→ **Provided information**:
════════════════════

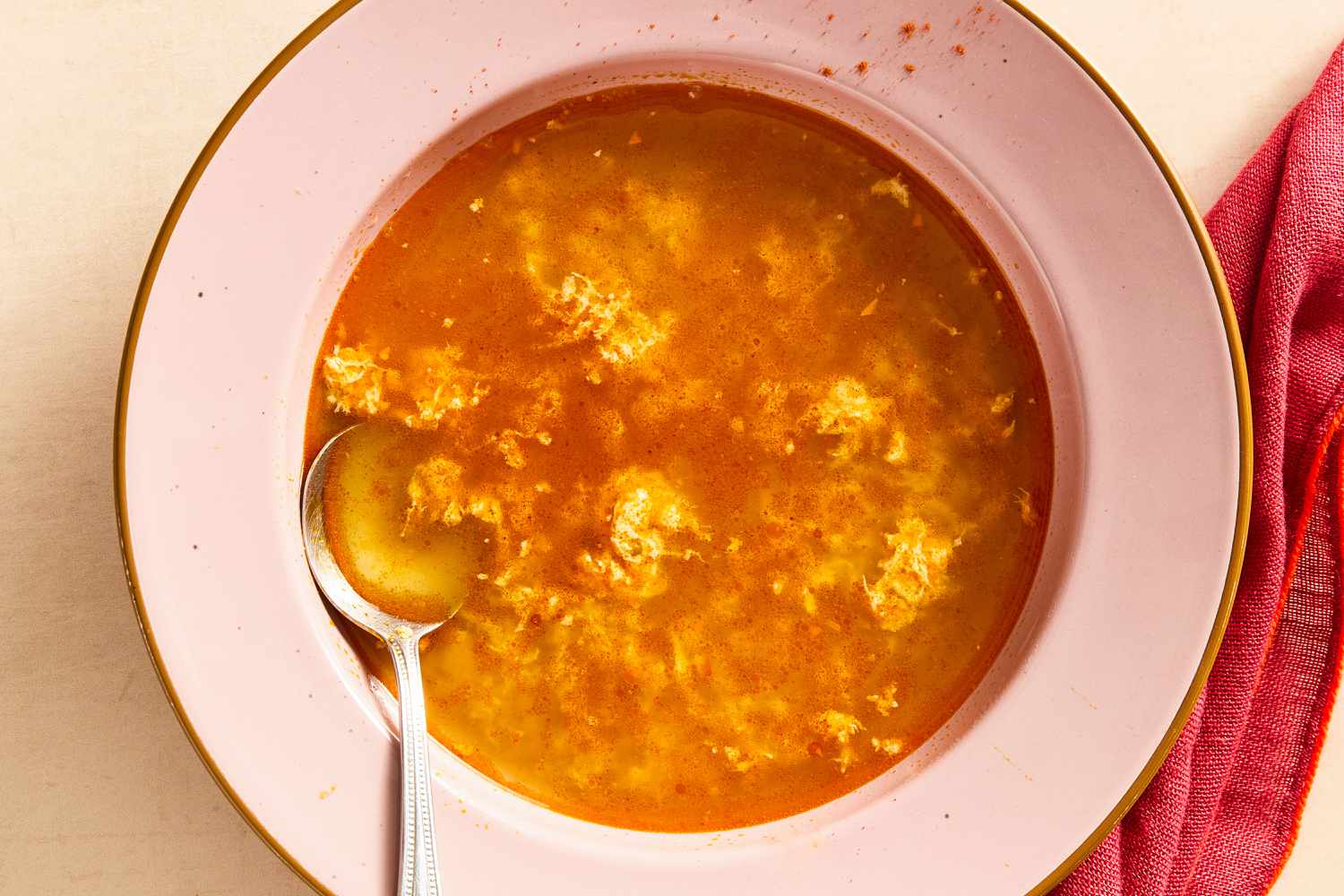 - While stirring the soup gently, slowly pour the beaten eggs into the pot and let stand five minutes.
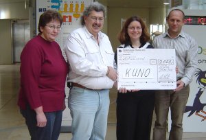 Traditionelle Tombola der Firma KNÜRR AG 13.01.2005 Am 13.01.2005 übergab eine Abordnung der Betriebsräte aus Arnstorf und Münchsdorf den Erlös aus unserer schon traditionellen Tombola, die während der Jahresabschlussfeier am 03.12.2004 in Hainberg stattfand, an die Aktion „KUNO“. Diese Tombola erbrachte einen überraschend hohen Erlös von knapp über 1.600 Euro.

════════════════════

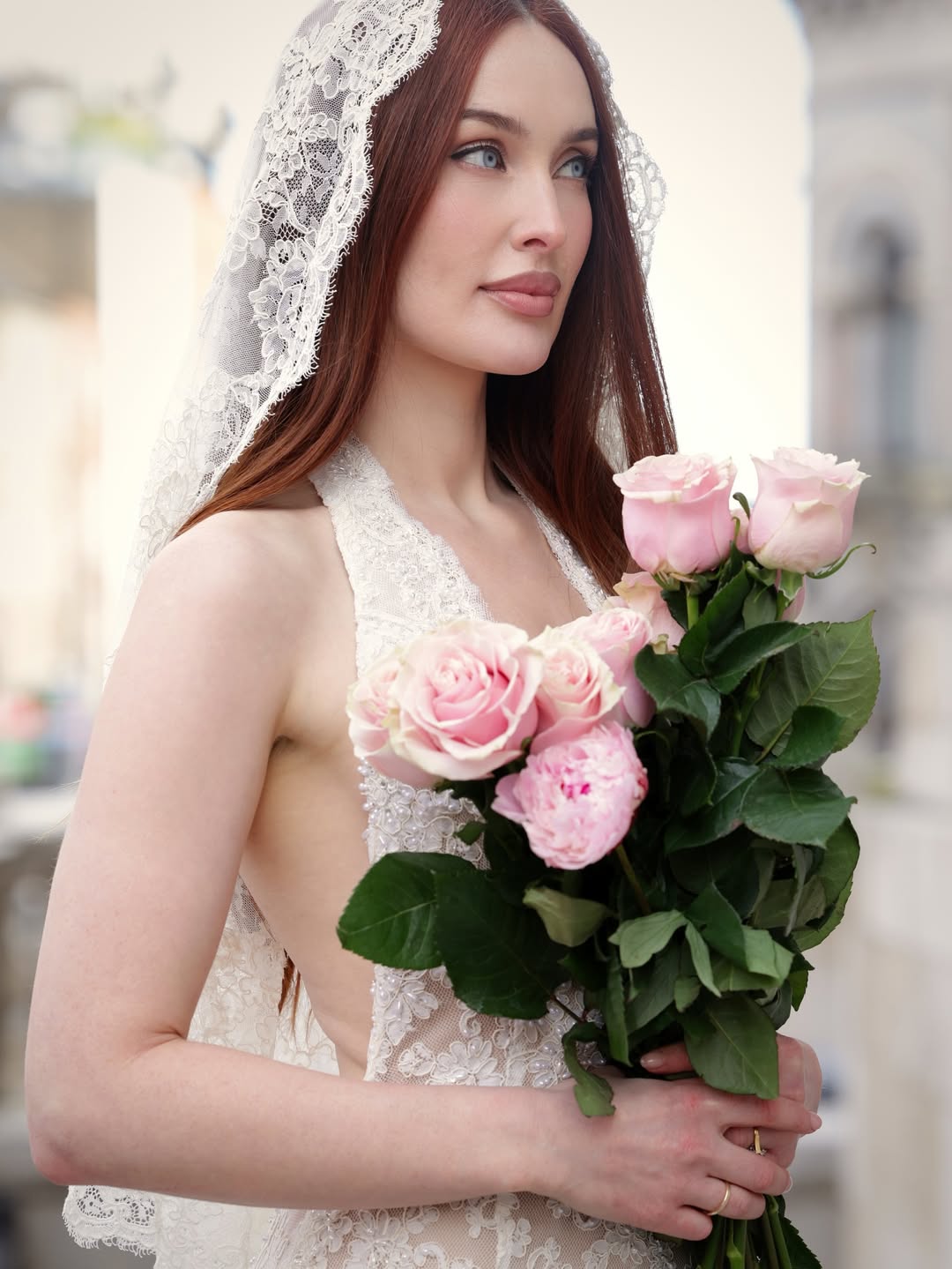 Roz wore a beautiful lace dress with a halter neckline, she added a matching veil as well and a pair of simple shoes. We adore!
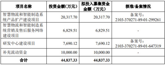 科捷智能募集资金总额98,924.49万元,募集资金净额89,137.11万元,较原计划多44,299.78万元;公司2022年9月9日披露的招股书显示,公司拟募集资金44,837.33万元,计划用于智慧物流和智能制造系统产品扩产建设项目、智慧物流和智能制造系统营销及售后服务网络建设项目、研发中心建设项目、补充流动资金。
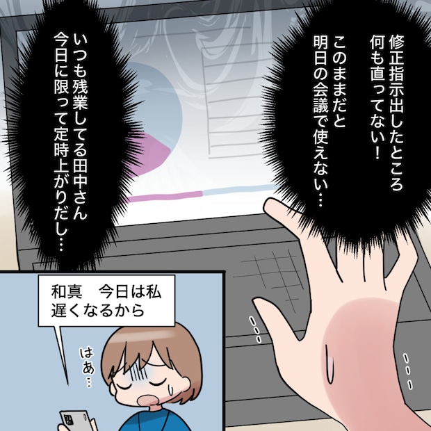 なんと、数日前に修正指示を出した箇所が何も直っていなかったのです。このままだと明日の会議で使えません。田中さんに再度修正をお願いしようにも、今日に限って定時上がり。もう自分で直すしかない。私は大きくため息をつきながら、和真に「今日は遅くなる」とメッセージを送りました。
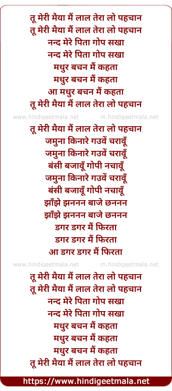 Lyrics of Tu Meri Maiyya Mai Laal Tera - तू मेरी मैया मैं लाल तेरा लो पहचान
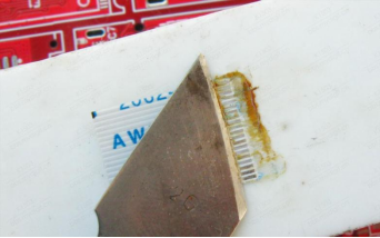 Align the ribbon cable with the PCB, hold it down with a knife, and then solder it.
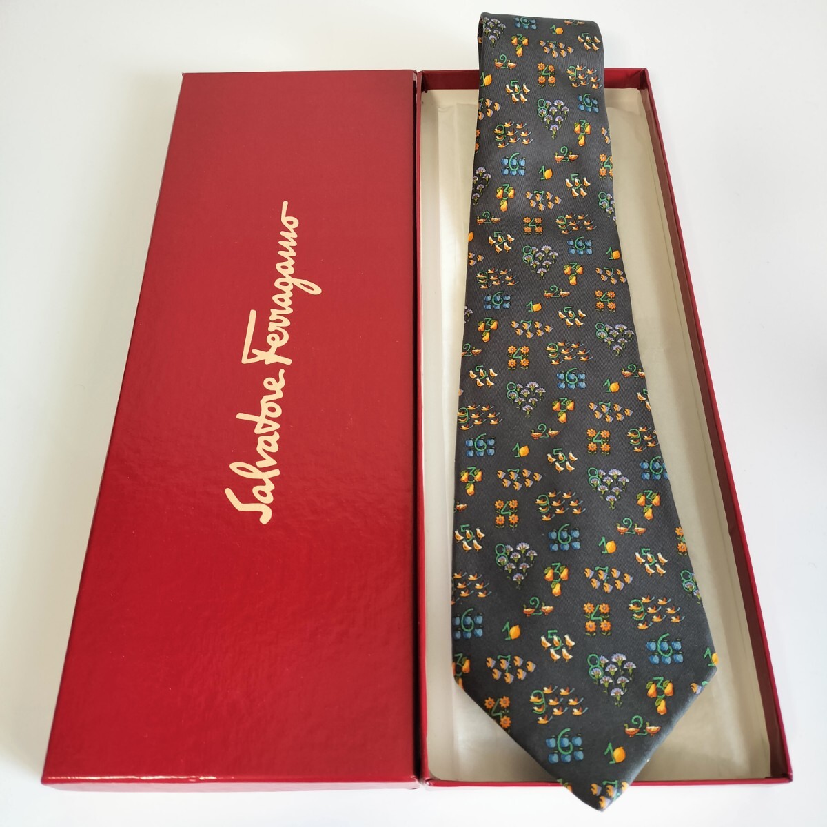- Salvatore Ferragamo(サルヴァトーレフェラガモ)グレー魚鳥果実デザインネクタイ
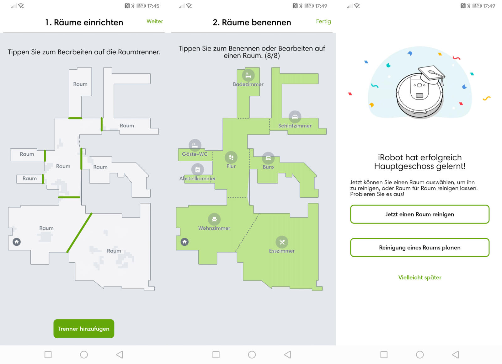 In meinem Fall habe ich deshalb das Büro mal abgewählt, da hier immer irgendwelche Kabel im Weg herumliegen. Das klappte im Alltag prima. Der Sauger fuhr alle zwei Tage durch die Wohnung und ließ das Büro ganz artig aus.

════════════════════

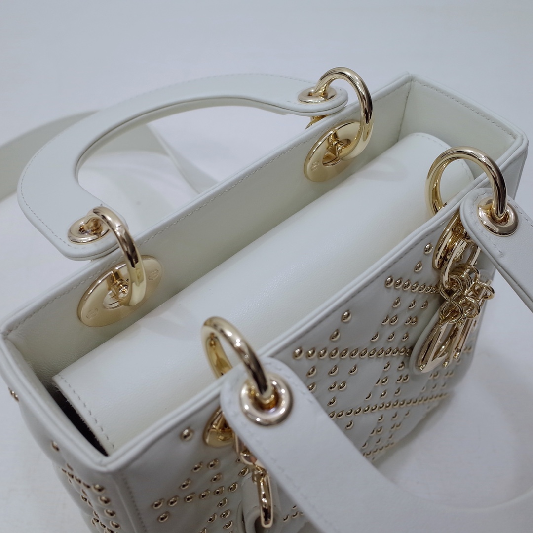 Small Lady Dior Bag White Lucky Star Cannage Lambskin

════════════════════

→ **What to produce**:
Look above for the line with "- While stirring" and the line with "Traditionelle Tombola der", then copy them and all lines in between exactly as written, and only those, without any pictures.

→ **Finished task**:
 - While stirring the soup gently, slowly pour the beaten eggs into the pot and let stand five minutes.
 Traditionelle Tombola der Firma KNÜRR AG 13.01.2005 Am 13.01.2005 übergab eine Abordnung der Betriebsräte aus Arnstorf und Münchsdorf den Erlös aus unserer schon traditionellen Tombola, die während der Jahresabschlussfeier am 03.12.2004 in Hainberg stattfand, an die Aktion „KUNO“. Diese Tombola erbrachte einen überraschend hohen Erlös von knapp über 1.600 Euro.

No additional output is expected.